Sebelum memberikan keterangannya beberapa ahli yang sudah ditunjuk oleh
pemerintah mengadakan pertemuan dengan pihak pemerintah, tujuan dari
pertemuan itu tidak lain adalah kesediaan ahli untuk memberikan keterangan
keahliannya dalam pengujian Undang-Undang. Dalam menetapkan ahli
tersebut pemerintah cukup selektif dan disesuaikan dengan keahlian dari
masing-masing ahli tersebut sesuai dengan materi Undang-Undang yang akan
diuji. Keterangan ahli satu sama lain tidak boleh sama tetapi disesuaikan
dengan keahlian dari para ahli tersebut tetapi ujung-ujungnya bermuara pada
materi undang-undang yang sedang diuji. Masing-masing ahli mempunyai
kewajiban untuk membuat tulisan dan diajdika satu kesatuan dengan jawaban
pemerintah dan keterangan saksi, dan kesemuanya itu harus dikirimkan
sebelum acara persidangan di MK.
o. Untuk pemeriksaan keterangan saksi dan ahli dari pemohon pada prinsipnya
sama dengan pihak termohon, yang membedakannya yaitu saksi dan ahli dari
pemohon harus konsisten dengan materi permohonan pemohon, artinya
keterangan saksi dan ahli haris betul-betul mendukung materi permohonan,
oleh karena itu saksi dan ahli harus juga mempelajari dan memahami dengan
baik materi permohonan pemohon. Saksi harus tau isi/ materi posita/petitum
begitu juga ahli harus yau materi posita/petitum dan yang lebih menarik dalam
pengujian undang-undang itu yaitu keterangan ahli dari pemohon dengan
keterangan ahli dari termohon salaing memberikan keterangan keahliannya
sesuai dengan kepakarannya yang kadan-kadang bisa mengetahui teori apa
yang dikeluarkan oleh para ahli ini dalam memandang permasalahan yang
sama, yaitu suatu bagian pasal atau ayat suatu undang-undang yang sama. Para
ahli akan berbeda pendapat sesuai dengan keahliannya, padahal membehas
pendapat yang sama dan ini mengandung perbedaan kepentingan apakah
berada di pihak pemohon ataupun termohon yang ujung-ujungnya
menimbulkan keterangan abu-abu.
p. Untuk pemeriksaan alat-alat bukti baik dari pemohon maupun termohon dalam
prakteknya di persidangan tidak selamanya dibahas oleh majelis hakim, tetapi
tetap disam[aikan sebagai alat bukti masing-masing pihak. Apabila majelis
hakim telah cukup mendapatka informasi dari masing-masing pihak, maka ini
akan dijadikan bahan pertimbangan majelis;
q. Setelah semua tahapan pemeriksaan dilakukan oleh majelis hakim, maka
majelis hakim memberikan kesempatan kepada pemohon dan termohon untuk
menyampaikan suatu kesimpulan akhir terkait dengan proses persidangan.
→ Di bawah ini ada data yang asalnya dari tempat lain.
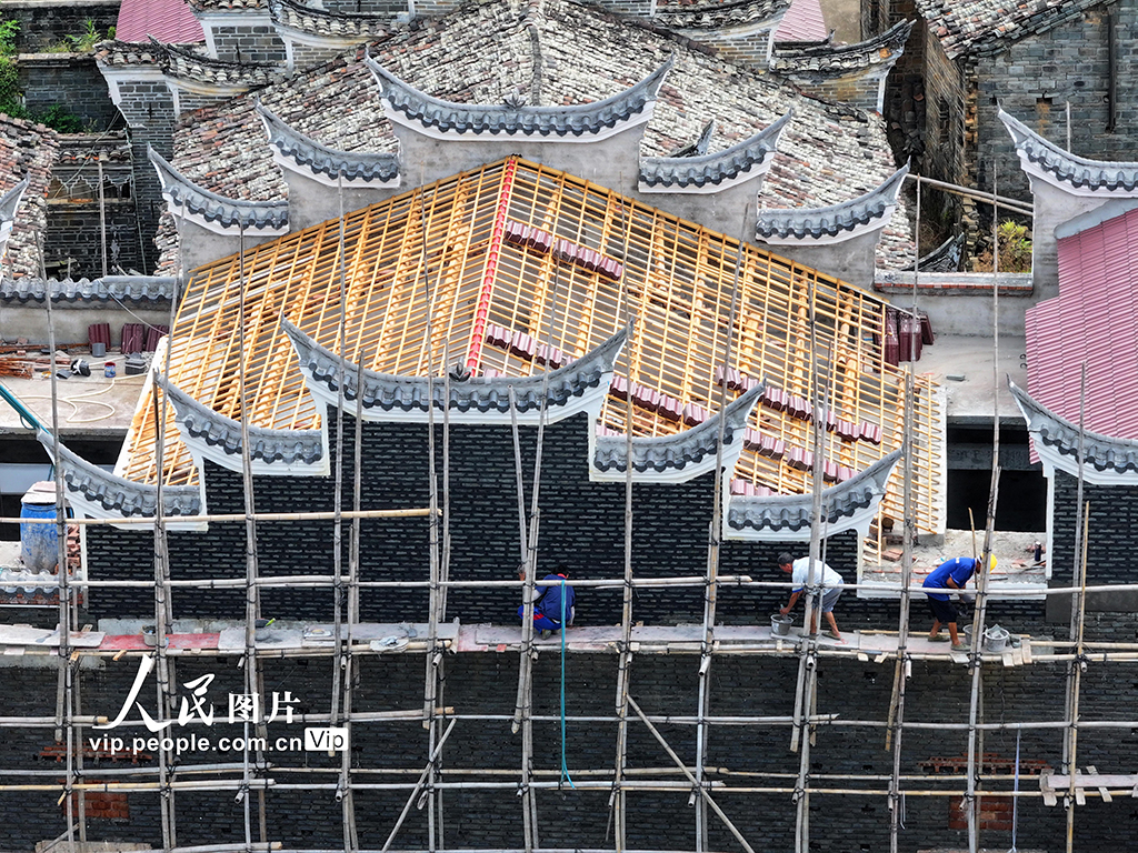 2025年8月26日,江西省吉安市泰和縣沿溪鎮獅前村一處古建筑正在修繕。江西泰和縣加大民間古…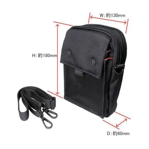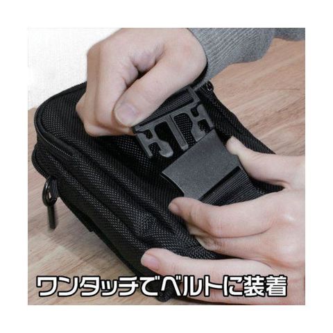 【特長】●ジッパーや面ファスナーが付いた複数のポケットにより、小物を小分けに収納できるポーチです。●ベルトに通してウェストポーチとして使用できる他、ショルダーベルトが付属しているので、肩掛けのポーチとしても使用できます。

Kesimpulan tersebut biasanya disampaikan secara tertulis paling lama tujuh
hari kerja semenjak akhir dari persidangan;
r. Setelah para pihak menyampaikan kesimpulannya biasanya hakim membentuk
rapat permusyawaratan hakim (RPH) sebagai persiapan majelis hakim untum
mengambil putusan.
Dalam padal 30 PMK Nomor 06/ PMK/ 2005 mengatur tentang RPH yaitu dalam hal:
1. Ayat (1) RPH mendengar, membahas dan/atau mengambil keputusan mengenai
a. laporan panel tentang pemeriksaan pendahuluan
b. laporan panel tentang pemeriksaan persidangan
c. rekomendasi panel tentang tindak lanjut hasil pemeriksaan permohonan
d. pendapat hukum (legal opinion) para hakim
e. hasil pemeriksaan persidangan pleno dan pendapat hukum para hakim
f. hakim yang menyusun rancangan putusan
g. rancangan putusan akhir
h. penunjukan hakim yang bertugas sebagai pembaca terakhir rancangan putusan
i. pembagian tugas pembacaan putusan dalam sidang pleno.